The level of development of ammonia production technologies achieved today allows scaling up production processes, implementing them in the form of modules with a high level of automation, and reducing the number of maintenance personnel required to work on the shelf.

The blue ammonia produced at the offshore field, which is a liquid carrier of hydrogen, can be easily delivered to the markets for the consumption of hydrogen and ammonia by the existing fleet of ammonia tankers in the world.

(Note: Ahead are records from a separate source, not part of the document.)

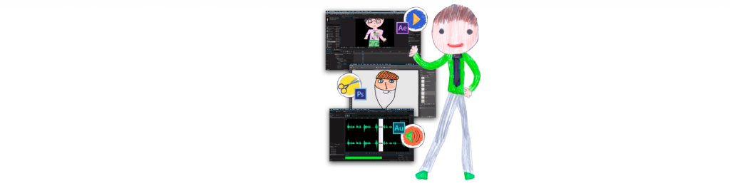 The program covers image treatment, scene composition, movement of visual elements, character animation, scene editing, audio integration, and finalization. To support this process, the course uses widely recognized industry tools such as Photoshop, After Effects, and Audition.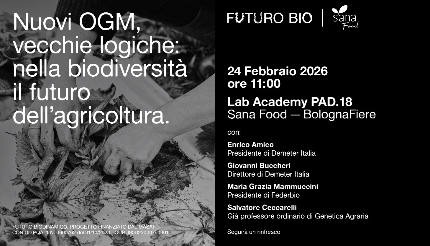 L'appuntamento, dal titolo "Nuovi OGM, vecchie logiche: nella biodiversità il futuro dell'agricoltura", si terrà martedì 24 febbraio 2026, alle ore 11.00, presso la Lab Academy (Padiglione 18) di BolognaFiere.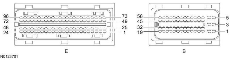 Powertrain Control Module (PCM) Connector - For PCM connector views or reference values, refer to Reference Values.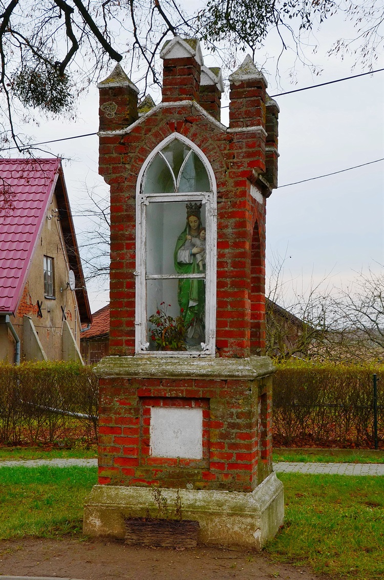 Kapliczka została wzniesiona z czerwonej cegły licowej na planie kwadratu. Otaczają ją cztery wiekowe lipy z historycznego nasadzenia. Jest to budowla dwukondygnacyjna z rozbudowaną i dekoracyjną partią dachu najeżonego sterczynami. Jej front zdobi duża ostrołukowa wnęka z metalową okiennicą. Wewnątrz niszy zachowało się jeszcze oryginalne wyposażenie. Jest to figura Matki Boskiej z Dzieciątkiem z napisem na cokole w języku niemieckim: "O Maria bitte für Uns".

The implementation of the proposed method for the production process of producing blue ammonia on the shelf will help preserve the natural environment on land, eliminate the need to build large-scale production facilities, infrastructure facilities, alienate large land areas, and simplify transport and logistics solutions.

Claims (5)

1. A method for the production of blue ammonia on the shelf in an energy-autonomous process at the site of the development of an offshore natural gas field with simultaneous separation of carbon dioxide and its injection and geological disposal into shallow formations in the field area - 1 042341 or by injecting it into the oil reservoirs of an oil and gas field to increase oil recovery from the reservoirs. 2. The method of claim 1, wherein autothermal reforming on a floating base or ship is used to produce synthesis gas. 3. Method for π. 1, in which hydrogen is produced using the process of its in-situ generation with oxygen injection into the reservoir to carry out oxidative reactions of hydrocarbons and achieve temperatures necessary for the conversion of methane to hydrogen when steam reforming and catalytic cracking catalysts are fed into the reservoir. 4. The method according to claim 1, in which the placement of installations for separating air into oxygen and nitrogen, separating greenhouse, acidic and other undesirable gases possibly contained in natural gas, and hydrogen used in the ammonia production process is carried out on a floating base or vessel. 5. The method of claim 1, wherein the natural gas production wells and wells used for injection and geological storage of carbon dioxide are performed with subsea completions, wherein carbon dioxide can be injected both in gaseous form and in the form of carbonated water using technical water of the production process, to enhance oil recovery from reservoirs located in the area of natural gas deposits, thereby providing a closed cycle, without polluting emissions into the surrounding marine and air environments.